• AIM OF THE TASK: Below is a listing; repeat exactly the lines from the one containing "A sala muito" to the one containing "Модные весенне-осенние тапочки", both included.

• DATA:
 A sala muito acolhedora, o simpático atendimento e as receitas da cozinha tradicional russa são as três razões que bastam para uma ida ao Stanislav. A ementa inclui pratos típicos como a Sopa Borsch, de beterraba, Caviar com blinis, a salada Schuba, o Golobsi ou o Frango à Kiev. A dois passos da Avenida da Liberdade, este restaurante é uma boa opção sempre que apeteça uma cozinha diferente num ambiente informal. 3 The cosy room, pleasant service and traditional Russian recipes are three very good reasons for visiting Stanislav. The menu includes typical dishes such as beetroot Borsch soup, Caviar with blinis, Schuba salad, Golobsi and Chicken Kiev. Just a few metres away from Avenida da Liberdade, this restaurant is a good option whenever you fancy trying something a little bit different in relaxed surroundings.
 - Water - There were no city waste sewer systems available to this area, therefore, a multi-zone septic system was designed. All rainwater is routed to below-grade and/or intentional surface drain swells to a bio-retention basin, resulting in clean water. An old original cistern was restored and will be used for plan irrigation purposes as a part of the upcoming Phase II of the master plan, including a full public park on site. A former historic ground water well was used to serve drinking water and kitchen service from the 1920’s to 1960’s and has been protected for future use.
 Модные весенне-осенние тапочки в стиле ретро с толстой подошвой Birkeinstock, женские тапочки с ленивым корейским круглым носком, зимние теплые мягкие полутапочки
...
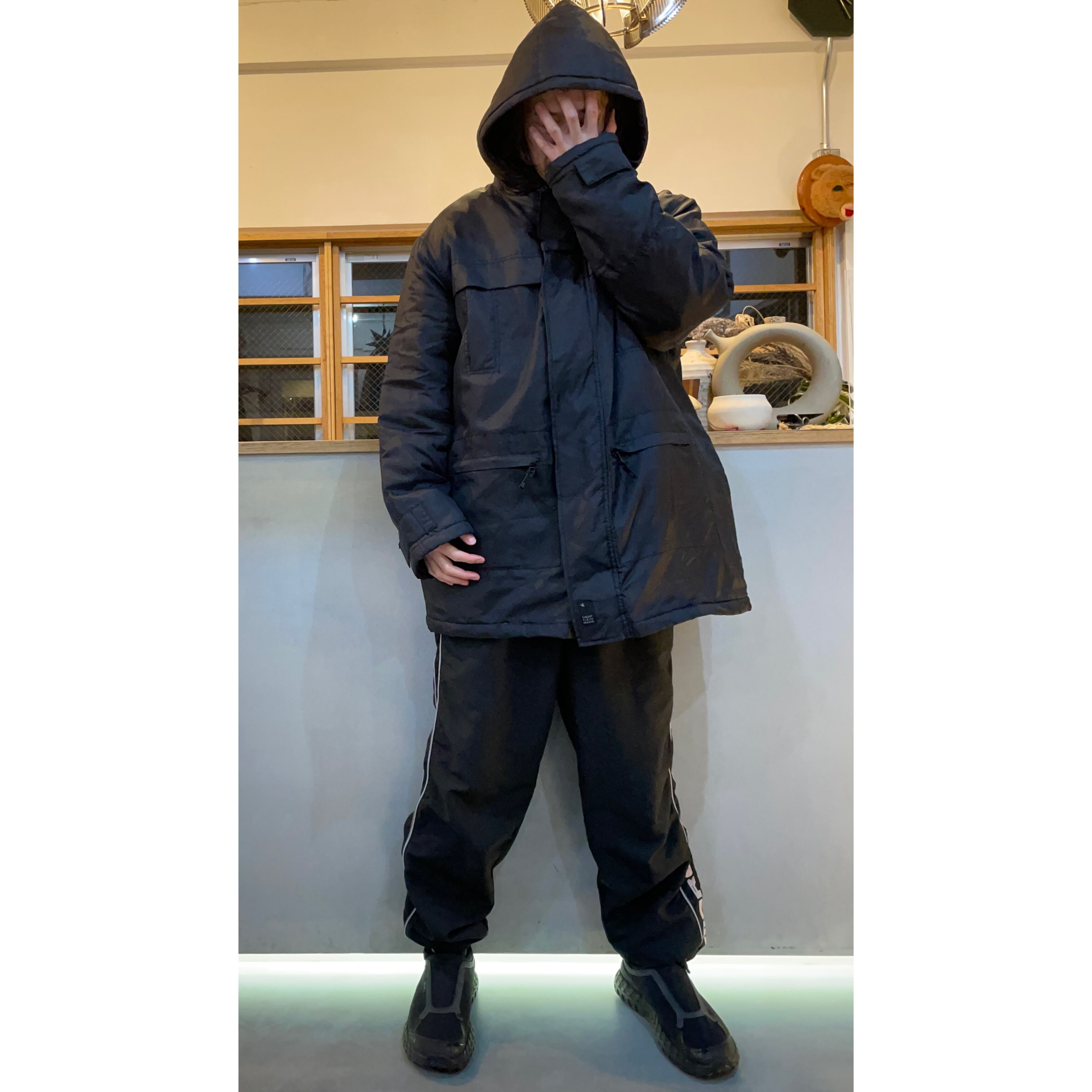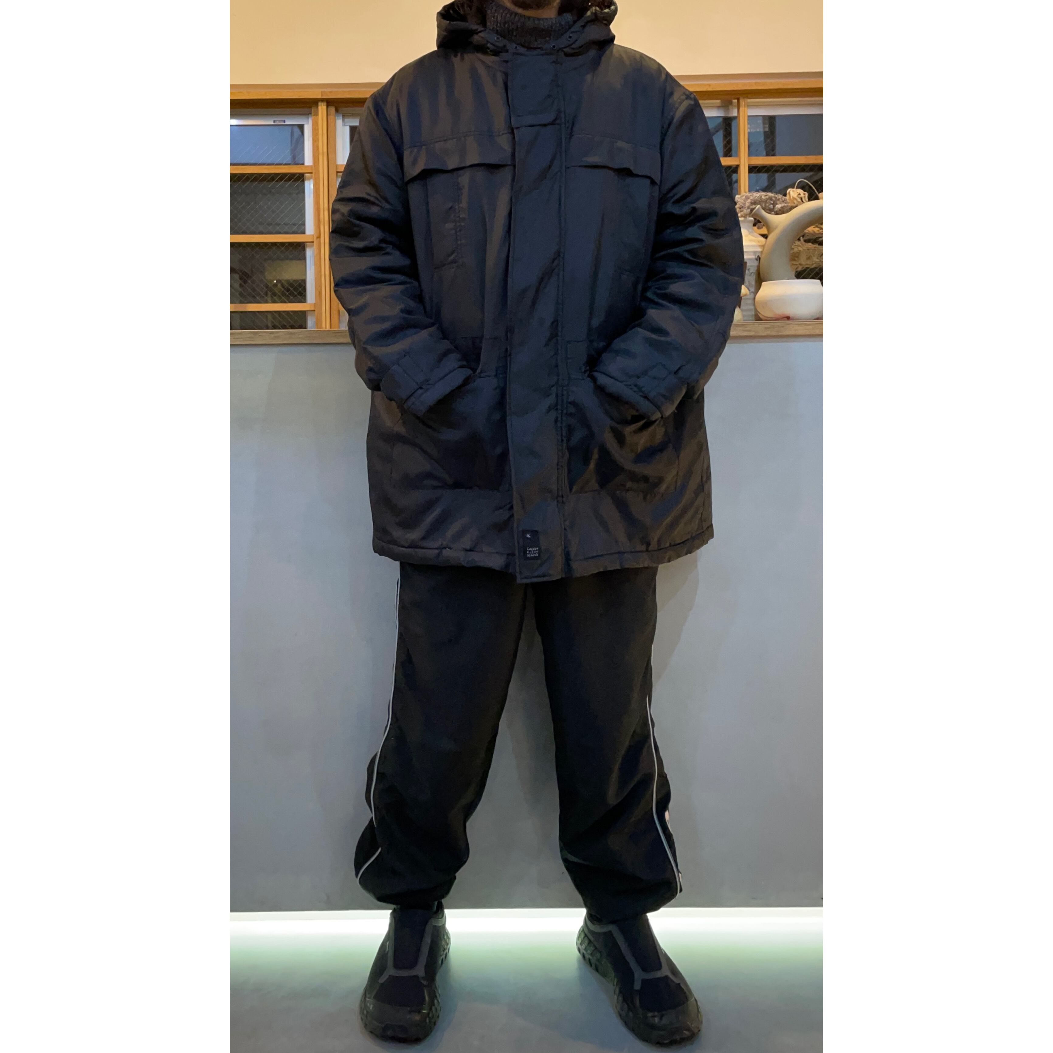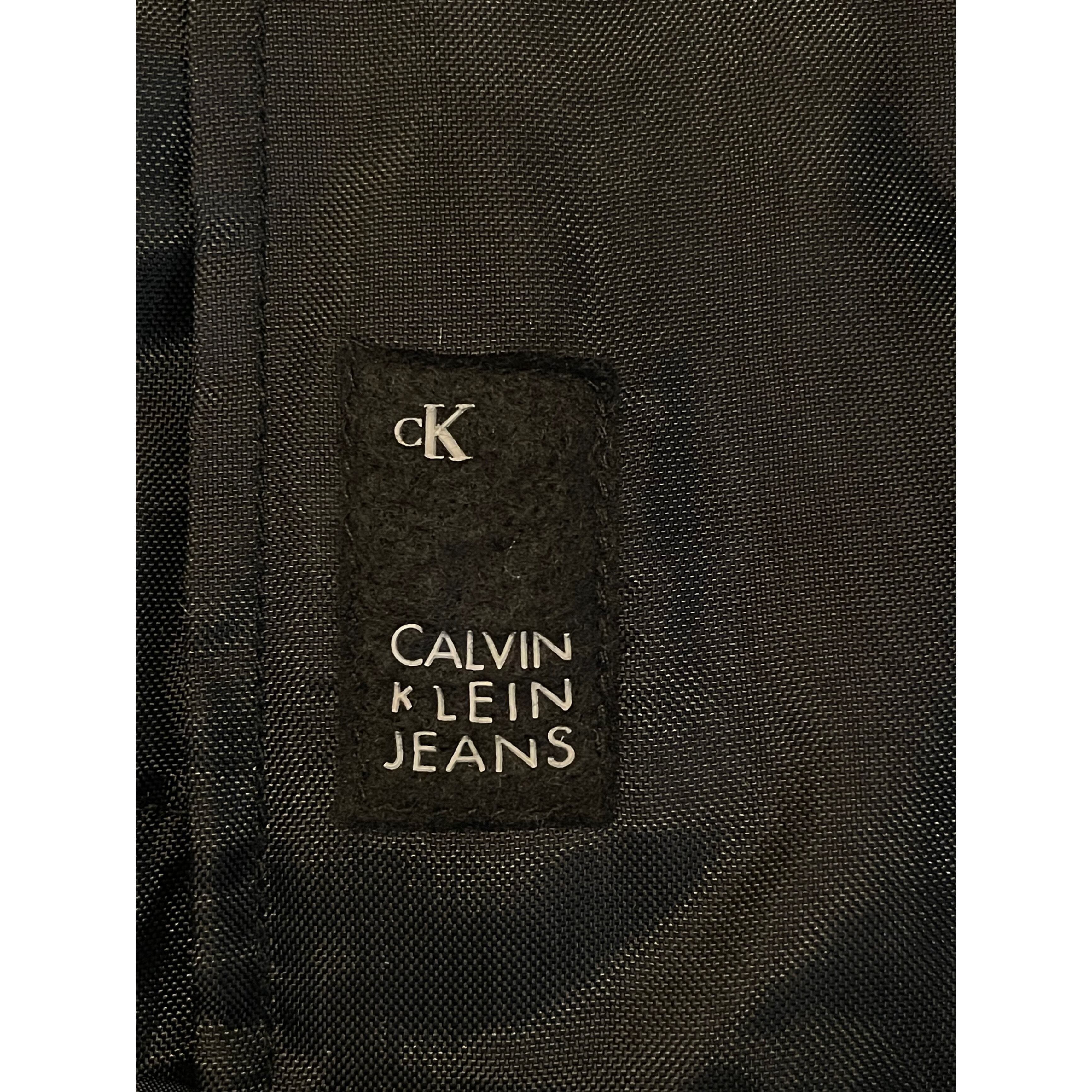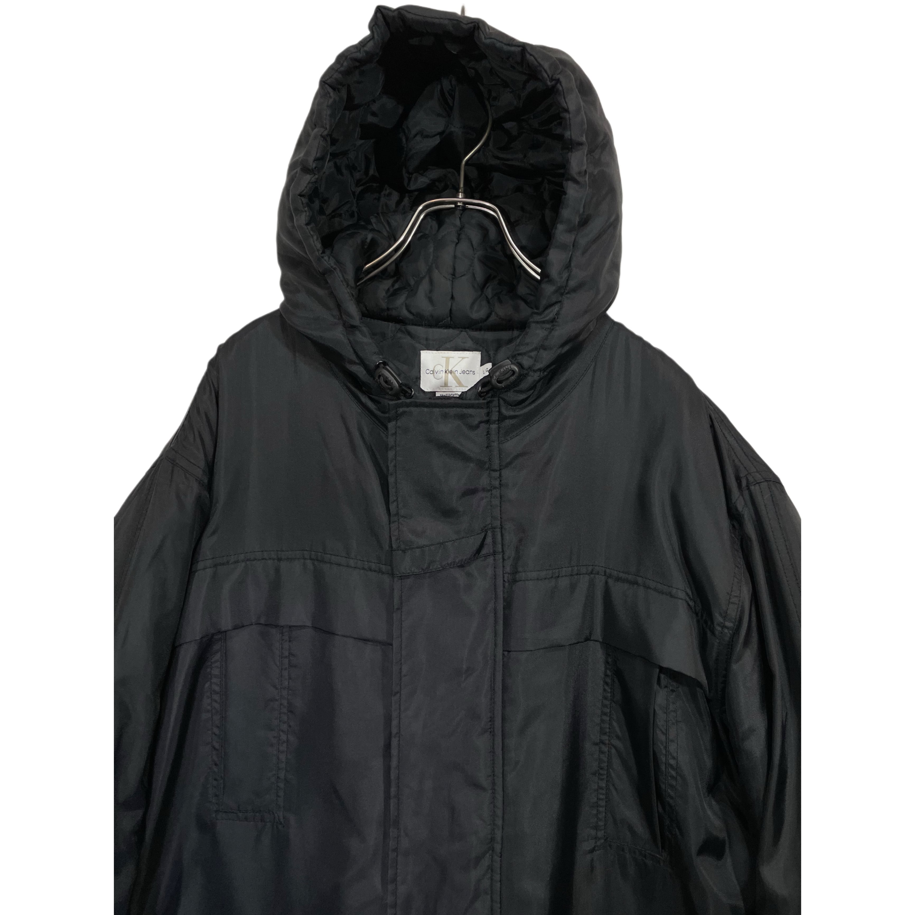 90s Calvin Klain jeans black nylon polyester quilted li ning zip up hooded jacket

• RESULT OF THIS TASK:
 A sala muito acolhedora, o simpático atendimento e as receitas da cozinha tradicional russa são as três razões que bastam para uma ida ao Stanislav. A ementa inclui pratos típicos como a Sopa Borsch, de beterraba, Caviar com blinis, a salada Schuba, o Golobsi ou o Frango à Kiev. A dois passos da Avenida da Liberdade, este restaurante é uma boa opção sempre que apeteça uma cozinha diferente num ambiente informal. 3 The cosy room, pleasant service and traditional Russian recipes are three very good reasons for visiting Stanislav. The menu includes typical dishes such as beetroot Borsch soup, Caviar with blinis, Schuba salad, Golobsi and Chicken Kiev. Just a few metres away from Avenida da Liberdade, this restaurant is a good option whenever you fancy trying something a little bit different in relaxed surroundings.
 - Water - There were no city waste sewer systems available to this area, therefore, a multi-zone septic system was designed. All rainwater is routed to below-grade and/or intentional surface drain swells to a bio-retention basin, resulting in clean water. An old original cistern was restored and will be used for plan irrigation purposes as a part of the upcoming Phase II of the master plan, including a full public park on site. A former historic ground water well was used to serve drinking water and kitchen service from the 1920’s to 1960’s and has been protected for future use.
 Модные весенне-осенние тапочки в стиле ретро с толстой подошвой Birkeinstock, женские тапочки с ленивым корейским круглым носком, зимние теплые мягкие полутапочки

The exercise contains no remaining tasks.